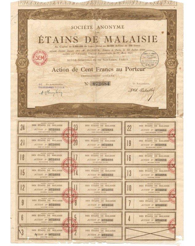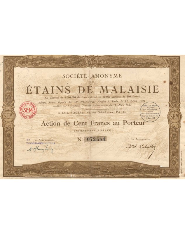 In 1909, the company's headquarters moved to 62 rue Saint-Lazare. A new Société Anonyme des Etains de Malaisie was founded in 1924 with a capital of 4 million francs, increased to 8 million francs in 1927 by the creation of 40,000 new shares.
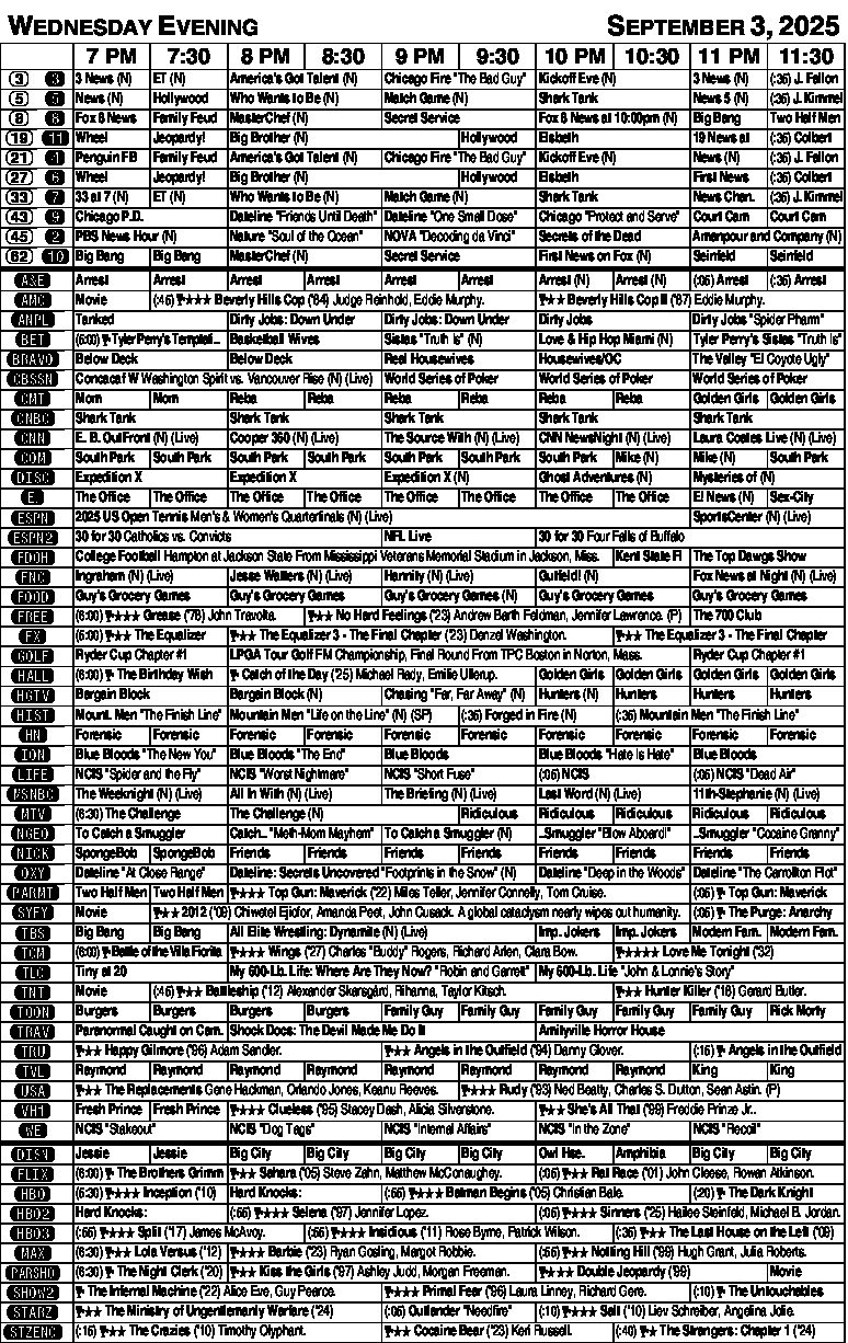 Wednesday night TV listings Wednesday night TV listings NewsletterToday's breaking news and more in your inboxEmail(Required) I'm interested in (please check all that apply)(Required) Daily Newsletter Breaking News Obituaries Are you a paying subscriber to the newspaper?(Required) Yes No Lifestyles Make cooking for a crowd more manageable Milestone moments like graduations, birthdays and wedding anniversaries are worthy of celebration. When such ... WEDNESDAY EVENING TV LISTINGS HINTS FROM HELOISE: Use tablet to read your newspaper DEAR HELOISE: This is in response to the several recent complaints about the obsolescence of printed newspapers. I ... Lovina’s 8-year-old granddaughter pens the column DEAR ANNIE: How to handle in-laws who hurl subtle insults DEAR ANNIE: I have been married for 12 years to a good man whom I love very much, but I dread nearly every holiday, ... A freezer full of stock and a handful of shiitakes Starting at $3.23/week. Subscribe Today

------------

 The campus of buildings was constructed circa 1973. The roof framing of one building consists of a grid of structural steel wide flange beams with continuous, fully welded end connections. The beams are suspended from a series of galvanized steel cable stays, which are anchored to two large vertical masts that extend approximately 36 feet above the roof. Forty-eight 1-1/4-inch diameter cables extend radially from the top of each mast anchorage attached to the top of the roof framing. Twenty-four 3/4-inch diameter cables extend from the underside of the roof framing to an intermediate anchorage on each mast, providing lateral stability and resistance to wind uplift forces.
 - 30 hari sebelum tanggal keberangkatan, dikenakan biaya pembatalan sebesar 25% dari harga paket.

------------

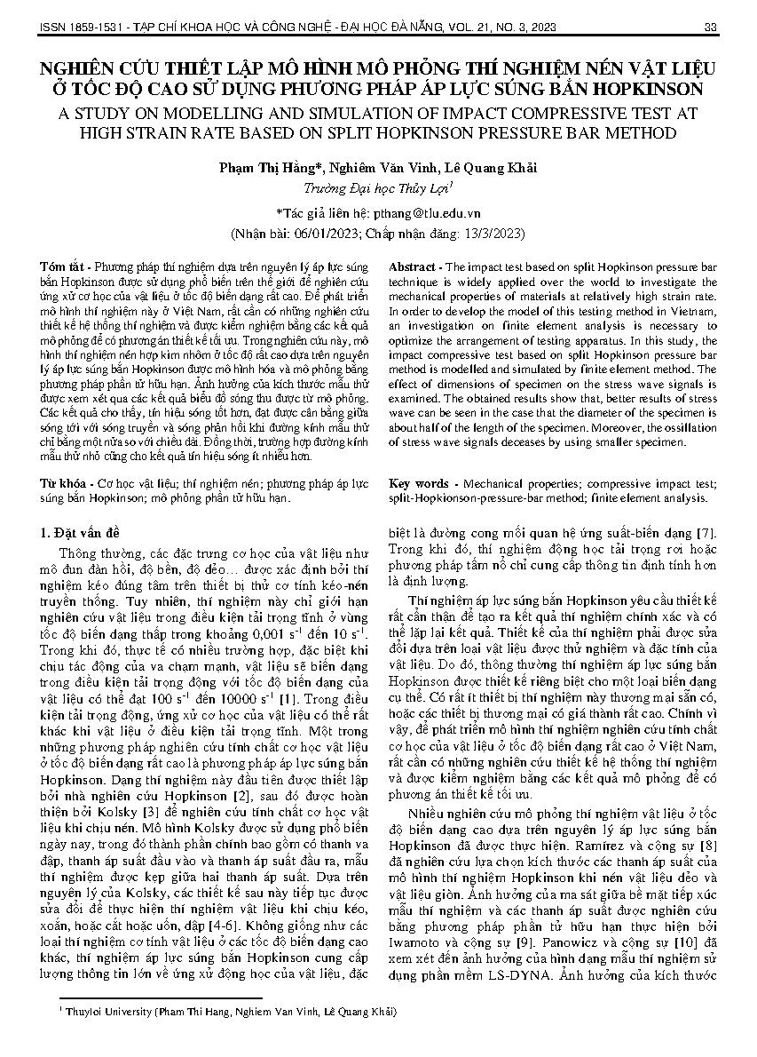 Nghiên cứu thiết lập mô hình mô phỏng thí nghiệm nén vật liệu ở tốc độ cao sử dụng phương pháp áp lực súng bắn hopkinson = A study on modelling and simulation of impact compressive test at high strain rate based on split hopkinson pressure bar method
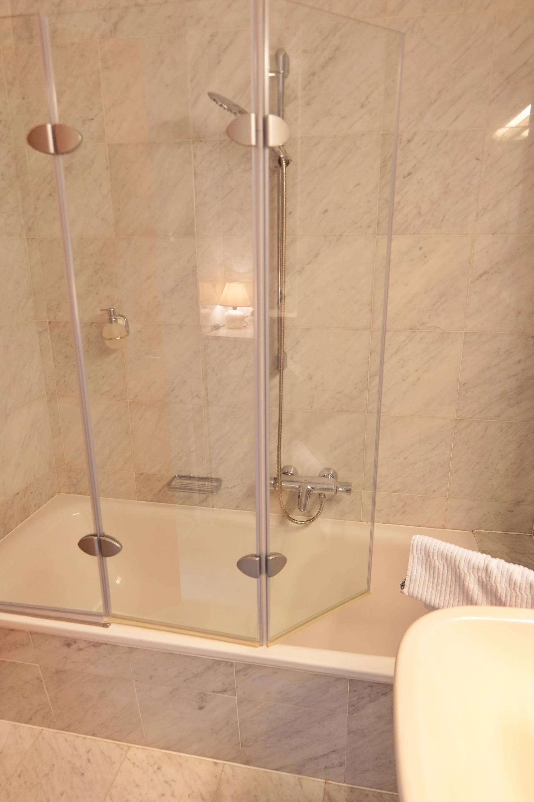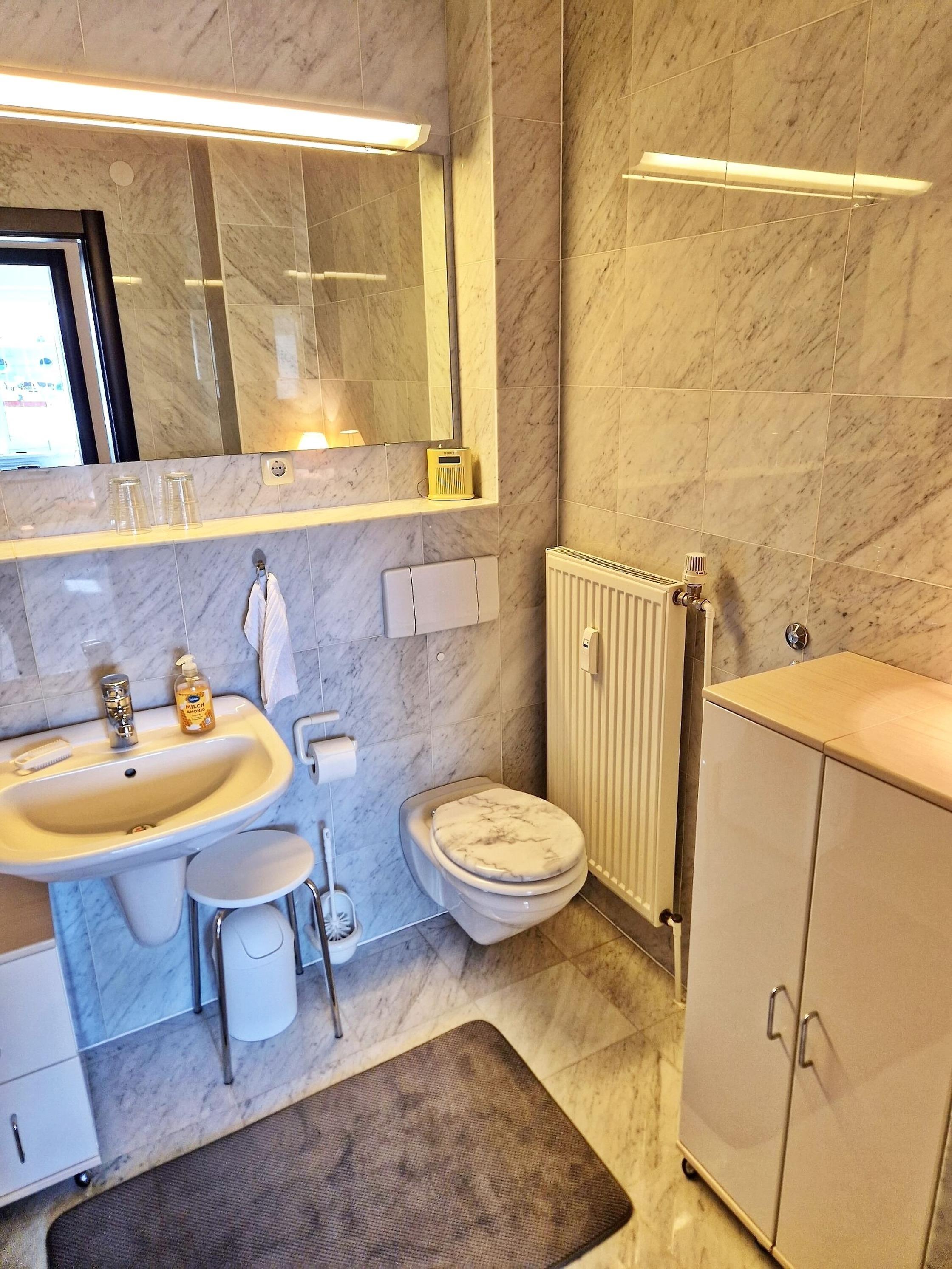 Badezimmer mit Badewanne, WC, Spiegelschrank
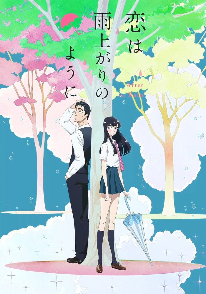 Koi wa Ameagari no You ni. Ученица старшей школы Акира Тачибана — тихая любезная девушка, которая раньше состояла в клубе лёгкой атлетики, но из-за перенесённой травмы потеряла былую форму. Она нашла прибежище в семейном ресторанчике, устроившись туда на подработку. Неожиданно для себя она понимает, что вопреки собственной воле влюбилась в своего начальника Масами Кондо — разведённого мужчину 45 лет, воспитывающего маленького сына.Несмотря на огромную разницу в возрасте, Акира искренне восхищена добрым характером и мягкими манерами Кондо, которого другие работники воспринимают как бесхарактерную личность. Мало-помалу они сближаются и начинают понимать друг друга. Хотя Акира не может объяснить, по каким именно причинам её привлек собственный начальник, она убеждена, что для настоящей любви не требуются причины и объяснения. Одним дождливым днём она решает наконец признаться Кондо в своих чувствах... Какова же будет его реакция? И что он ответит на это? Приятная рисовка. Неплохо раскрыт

------------

Brief:
What are the lines in the records above, word for word, from the one containing "In 1909, the" through the one containing "Wednesday night TV listings Wednesday", both ends included and pictures left out?

Exercise solution:
 In 1909, the company's headquarters moved to 62 rue Saint-Lazare. A new Société Anonyme des Etains de Malaisie was founded in 1924 with a capital of 4 million francs, increased to 8 million francs in 1927 by the creation of 40,000 new shares.
 Wednesday night TV listings Wednesday night TV listings NewsletterToday's breaking news and more in your inboxEmail(Required) I'm interested in (please check all that apply)(Required) Daily Newsletter Breaking News Obituaries Are you a paying subscriber to the newspaper?(Required) Yes No Lifestyles Make cooking for a crowd more manageable Milestone moments like graduations, birthdays and wedding anniversaries are worthy of celebration. When such ... WEDNESDAY EVENING TV LISTINGS HINTS FROM HELOISE: Use tablet to read your newspaper DEAR HELOISE: This is in response to the several recent complaints about the obsolescence of printed newspapers. I ... Lovina’s 8-year-old granddaughter pens the column DEAR ANNIE: How to handle in-laws who hurl subtle insults DEAR ANNIE: I have been married for 12 years to a good man whom I love very much, but I dread nearly every holiday, ... A freezer full of stock and a handful of shiitakes Starting at $3.23/week. Subscribe Today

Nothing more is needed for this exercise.